## [About this task]
Only an exact repetition of the lines from the one holding "1、点击蓝色OK按钮,确认提示后可进入游戏操作环节,开启射箭对战。" to the end of the data is wanted, with pictures left out.

## [Extracted data]
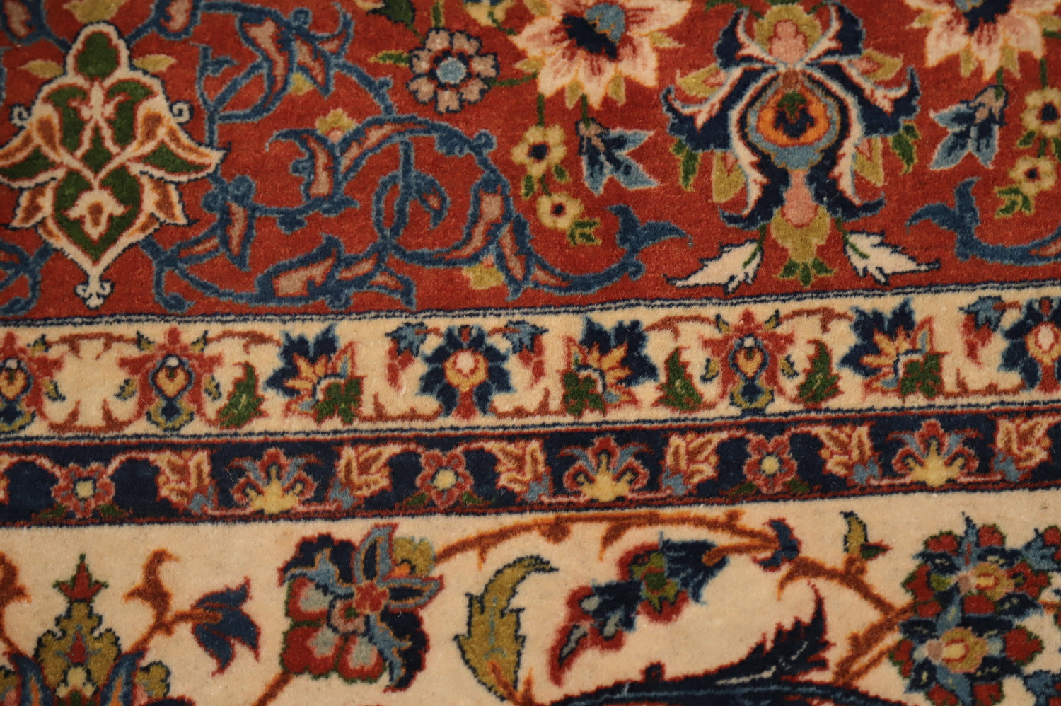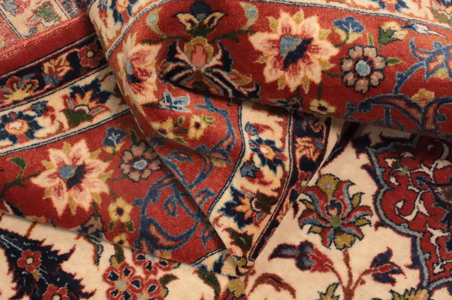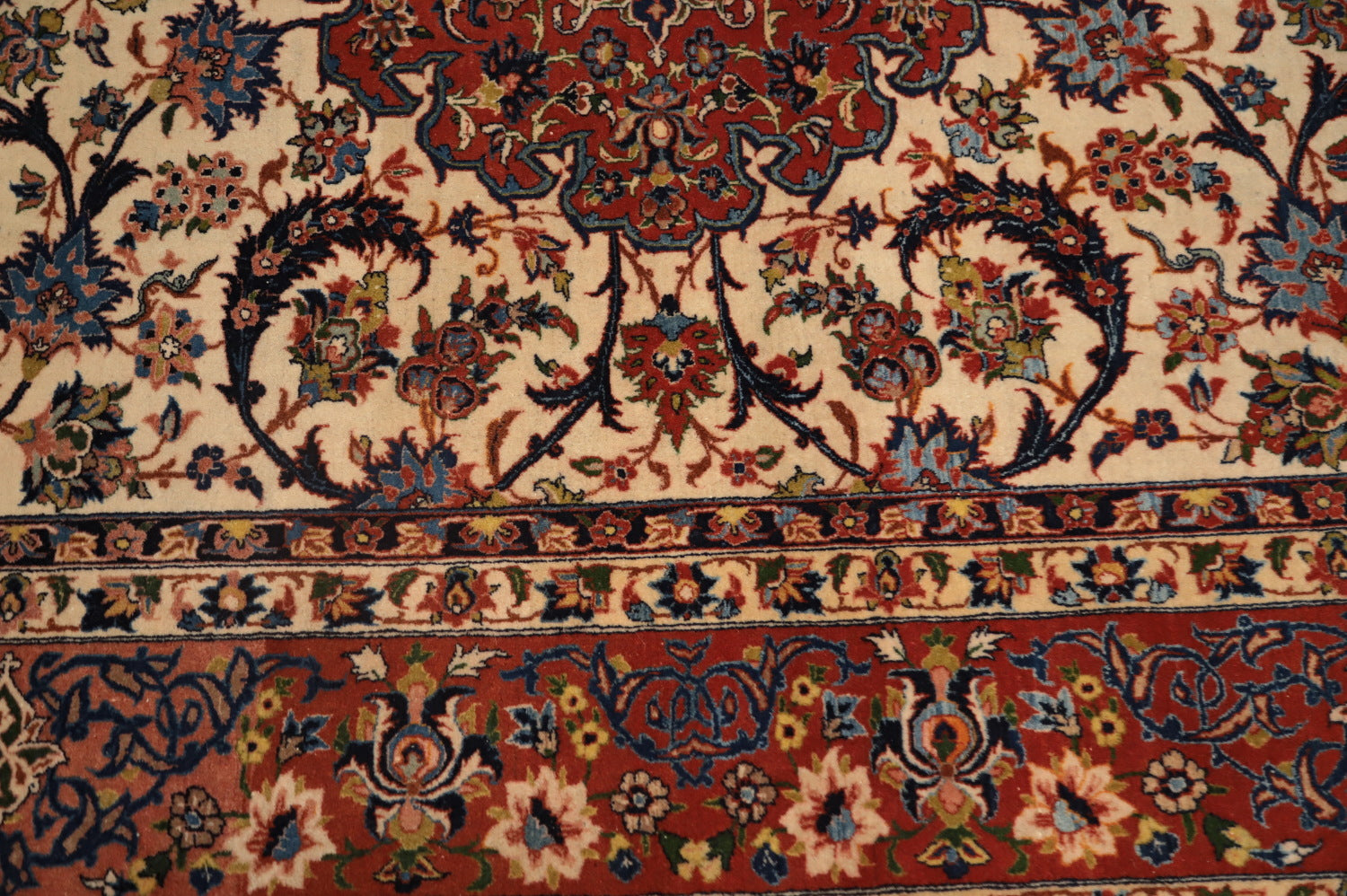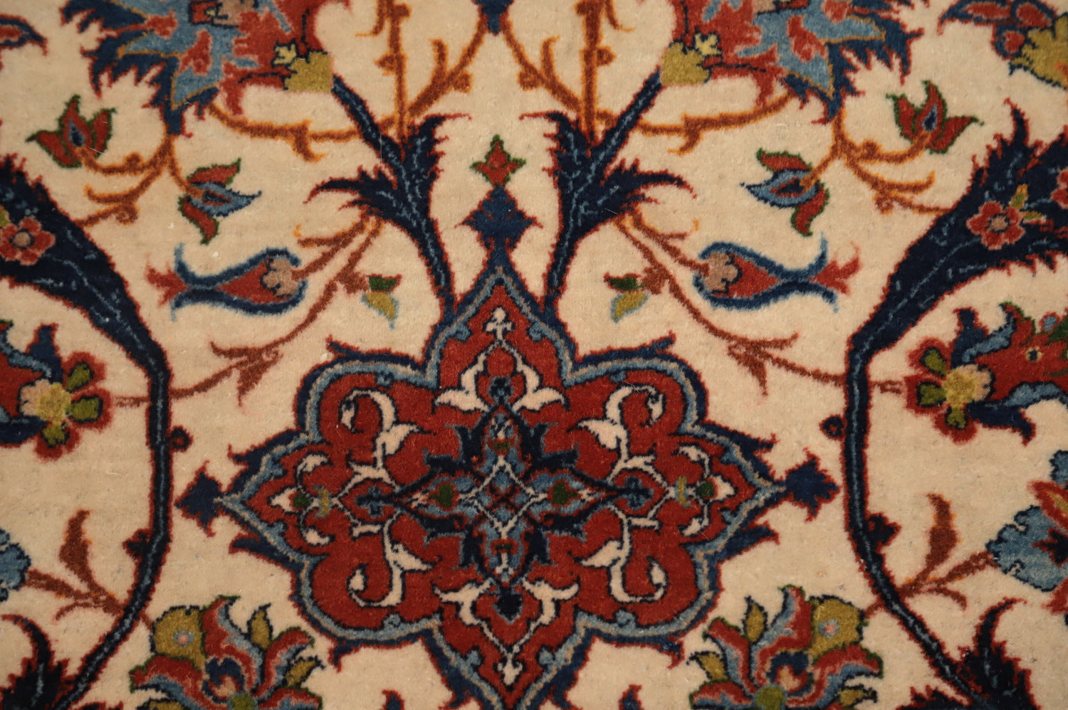 A Beautiful Genuine Persia ( Persia ) Isfahan rug is Hand Knotted by skillful weavers in Persia ( Persia ) with 100% Wool Material. This rug is in Very Good condition. dimensions are 7' 5'' X 5' 1'' in foot and 226 X 155 in centimeter. the primary color is Beige & Ivories.
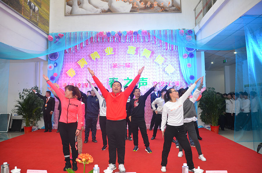 ? 演出結(jié)束后,雷坤石發(fā)表致辭,他表達(dá)了對(duì)公司全體員工的感謝和美好祝愿!金星鴨業(yè)黨委書記王宏偉講話指出,在重壓力下,承德鴨業(yè)立足當(dāng)前,謀劃長遠(yuǎn),克服了體制改革等一項(xiàng)項(xiàng)難題,困境中突圍,實(shí)現(xiàn)了轉(zhuǎn)型升級(jí)的跨越式發(fā)展,對(duì)此他給予肯定,同時(shí)祝愿2017年承德鴨業(yè)再創(chuàng)佳績。最后公司經(jīng)理史學(xué)蓮進(jìn)行總結(jié)講話,要求全體員工肩負(fù)“拼搏、鞏固、提升”的重任,共同努力,時(shí)刻踐行承諾:我的崗位我負(fù)責(zé),我在崗位您放心!
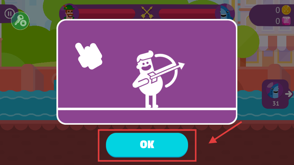 1、点击蓝色OK按钮,确认提示后可进入游戏操作环节,开启射箭对战。
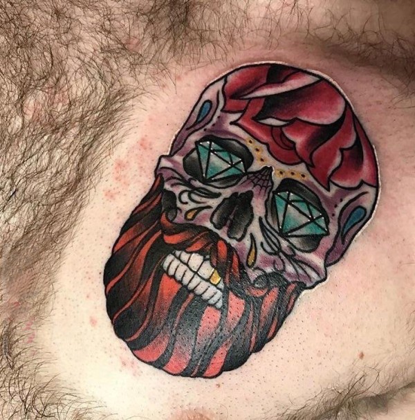 纹身骷髅头 男生胸部彩绘纹身骷髅纹身图片
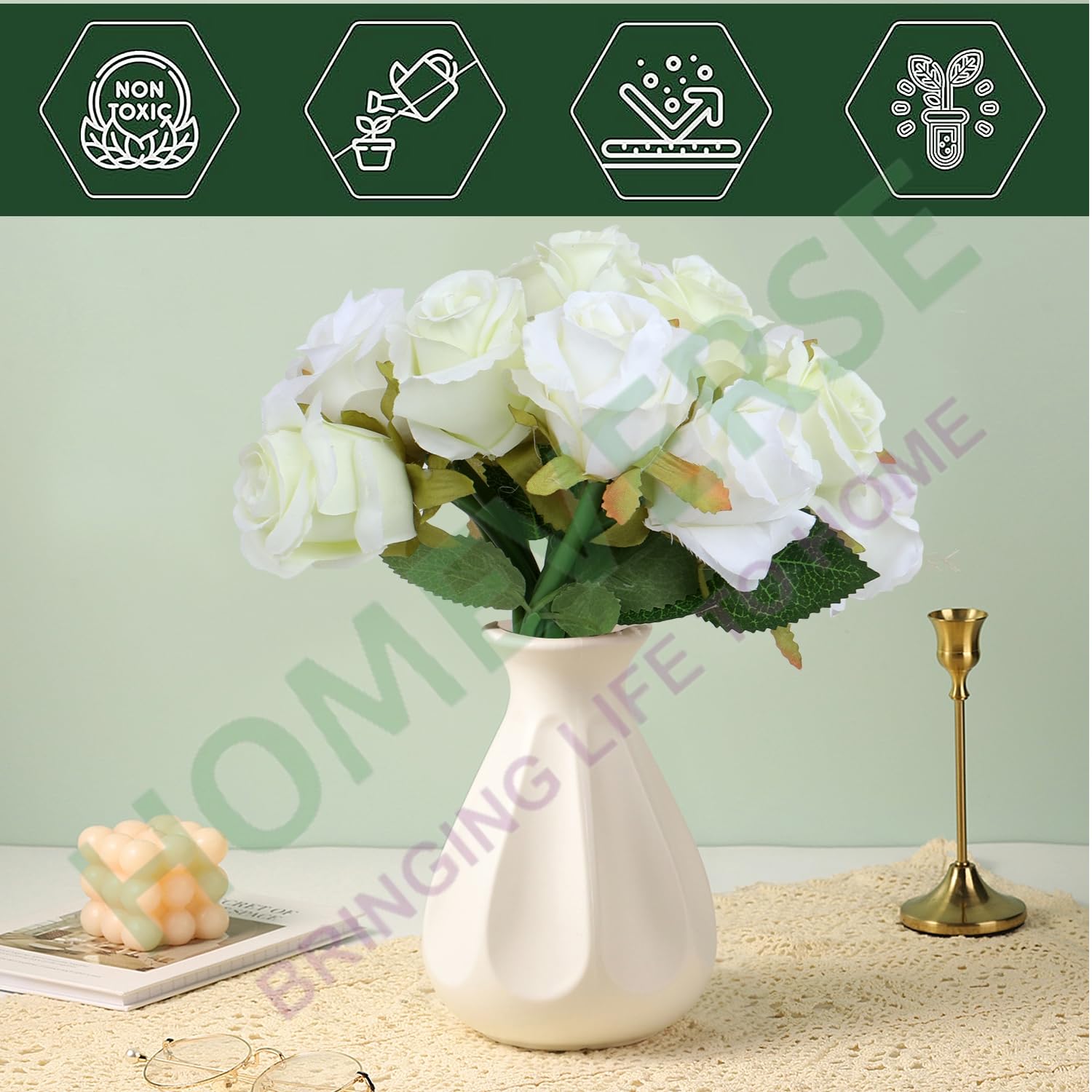 - ARTIFICIAL ROSES: These artificial roses flowers bring you the feeling of fresh and elegant, they are beautiful and realistic. Brighten your home with these artificial roses. They can work harmoniously with any decor and style.

## [Problem solution]
 1、点击蓝色OK按钮,确认提示后可进入游戏操作环节,开启射箭对战。
 纹身骷髅头 男生胸部彩绘纹身骷髅纹身图片
 - ARTIFICIAL ROSES: These artificial roses flowers bring you the feeling of fresh and elegant, they are beautiful and realistic. Brighten your home with these artificial roses. They can work harmoniously with any decor and style.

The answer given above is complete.